Digitize any Book in the Public Domain
The article is about a mass scale digitization project for Kannada WikiSource by two Wikipedians.
This was originally published in Opensource.com on March 27, 2014.
A form of poetry in India called Vachana sahitya is part of the popular Indian language, Kannada. It evolved in the 11th century and flourished in the 12th as part of the religious Lingayatha movement. Since that time, more than 259 Vachana writers, called Vachanakaru, have compiled over 11,000 Vachanas (verses).
21,000 of these verses were digitally published into 15 volumes, called Samagra Vachana Samputa, by the government of Karnataka. These volumes were then turned into a standalone project called Vachana Sanchaya; this project was taken on by two Kannada Wikimedians, a Kannada linguist, and the author O. L. Nagabhushana Swamy—to enrich the Kannada WikiSource. This team used Unicode, a standard of consistency for converting text (and code) into a new format.
Swamy was trying to access these poems, and was having trouble because it was in ISCII, an Indian character encoding standard. We began writing scripts to make the Vachanas (poems) searchable by an index. But, in order to do that well, we had to build a platform for everyone to use: the linguistic researchers, students, and the public at large who are interested in reaching this literature.
Omshivaprakash, a Kannada Wikimedian, worked on the architecture of the platform, decided the infrastructure requirements, and chose the open source software tools to use. I was involved in providing critical hacks for digitization and valuable inputs through suggestions, feedback, and quality assurance.

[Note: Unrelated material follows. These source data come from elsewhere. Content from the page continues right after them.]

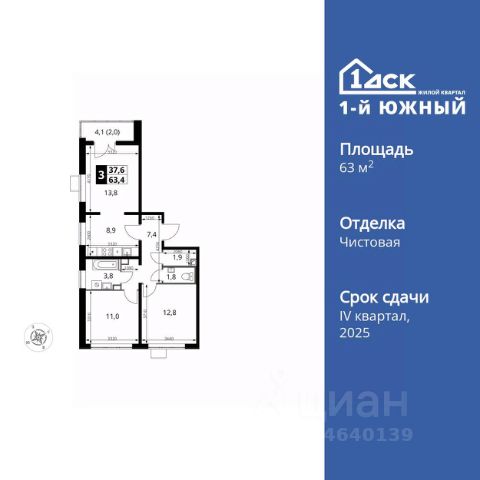 Квартира с кухней-гостиной и тремя спальнями в Квартале Герцена. Особенности планировки: окна на две стороны, предчистовая отделка. Квартиру можно купить онлайн. В квартире выполнена отделка "под чистовую". Установлены окна с двойным стеклопакетом, радиаторы с терморегуляторами. На полу цементно-песчаная стяжка. В квартиры заведены кабели для интернета и ТВ. Входная сейф-дверь не требует замены. Организован поквартирный учёт энергоресурсов (водоснабжение, отопление, электричество). Квартал "Герцена" расположен в Бирюлёве Восточном — районе на юге Москвы. Дорога до ТТК займет всего полчаса на автомобиле, до станции метро и ж/д станции "Царицыно" — 13 минут, а до автовокзала "Южные ворота" — 20 минут. До автобусных остановок можно дойти пешком. В 2027-2028 году откроется новая станция метро "Лебедянская", дорога до неё займет всего 18 минут. Общая площадь "Квартала Герцена" составляет 27,3 га. Дома состоят из разноуровневых секций высотой от 6 до 55 этажей с видовыми террасами и балконами. На территории квартала будет построена поликлиника, детский сад на 350 мест и воспитательно-образовательный комплекс на 1075 мест, а также рестораны, клиники, магазины и салоны красоты. Объявление от застройщика. Ипотека, материнский капитал. Обмен — один из способов покупки. Обмен подойдёт, если вы хотите быстро поменять старую квартиру на новую. Получить ипотеку или рассрочку, а также обменять квартиру можно онлайн. Запишитесь на онлайн-презентацию по телефону или на сайте. квартиры в нашей базе: ГРЦ01.2-Ж4.15.14.
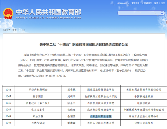 近日,教育部办公厅发布“关于第二批“十四五”职业教育国家规划教材遴选结果的公示”。由我院书记、院长金潮苏担任主编的教材《采油工程》历经多轮严格评审,成功入选,这是我院在教材建设与教育教学改革领域取得的又一重大国家级成果。
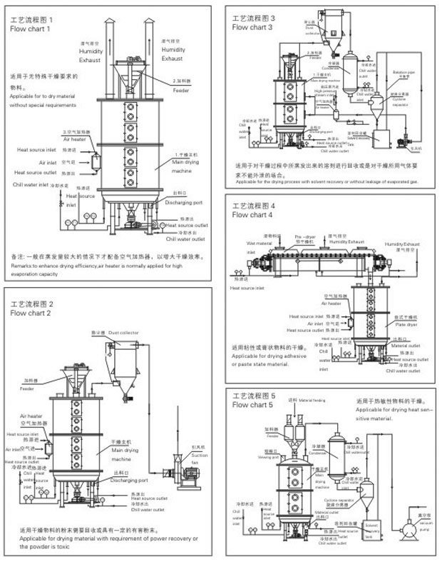 4.物料流向单一、无返混现象、干燥均匀、质量稳定、不需再混合。
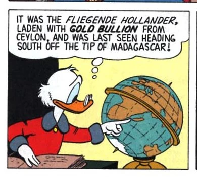 Madagascar est apparu pour la première fois dans l'histoire de Carl Barks Le Trésor du Hollandais Volant.
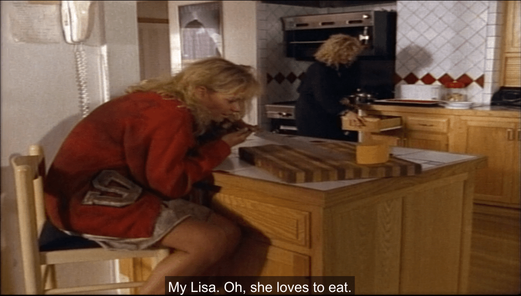 Oh, Jesus Christ, the second half. First of all, no one ever knows where their kids are in this episode. And this mom can’t even know where her daughter is WHEN HER DAUGHTER IS STANDING RIGHT IN FRONT OF HER. Instead, she believes her daughter is…a woman who looks nothing like her and enjoys playing with the largest knife that currently exists. “My daughter, not my daughter, loves to poke a huge block of cheese with her favorite Large knife. I love my daughter.”
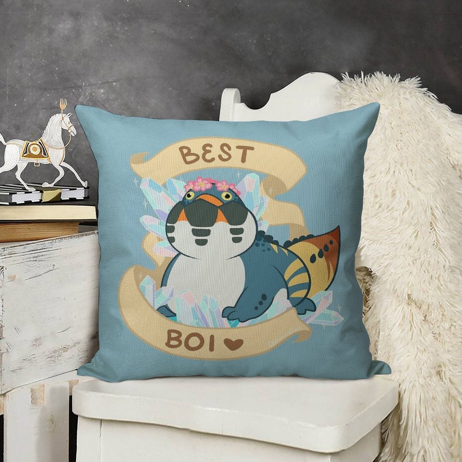 Dodogama Best Boi (MonHun World) Linen Throw Pillow Cover
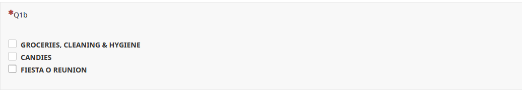 <script charset="utf-8" type="text/javascript"> $(document).ready(function() { $( '#question{QID} .question-item:eq(0)').addClass('hide-pseudo-elements').find('input.checkbox').remove(); $( '#question{QID} .question-item:eq(7)').addClass('hide-pseudo-elements').find('input.checkbox').remove(); $( '#question{QID} .question-item:eq(13)').addClass('hide-pseudo-elements').find('input.checkbox').remove(); }); </script>
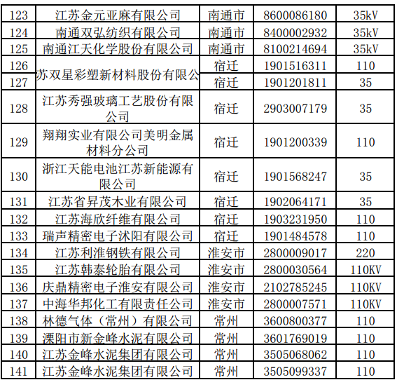 2017年11、12月江蘇競價交易用戶準入清單(附名單)

At present, our repository, Vachana Sanchaya, has around 200,000 unique words that were derived from these poems. The public has been using our repository and accessing Vahanas (poems) from our Facebook, Twitter, and Google+ profiles. There are thousands of people now who read a Vahana as part of their daily routine. Vachana Sanchaya is not just meant for reading the poems, it is also meant for research. So, we have added a way for researchers to help us review the content and will be adding references from various research papers.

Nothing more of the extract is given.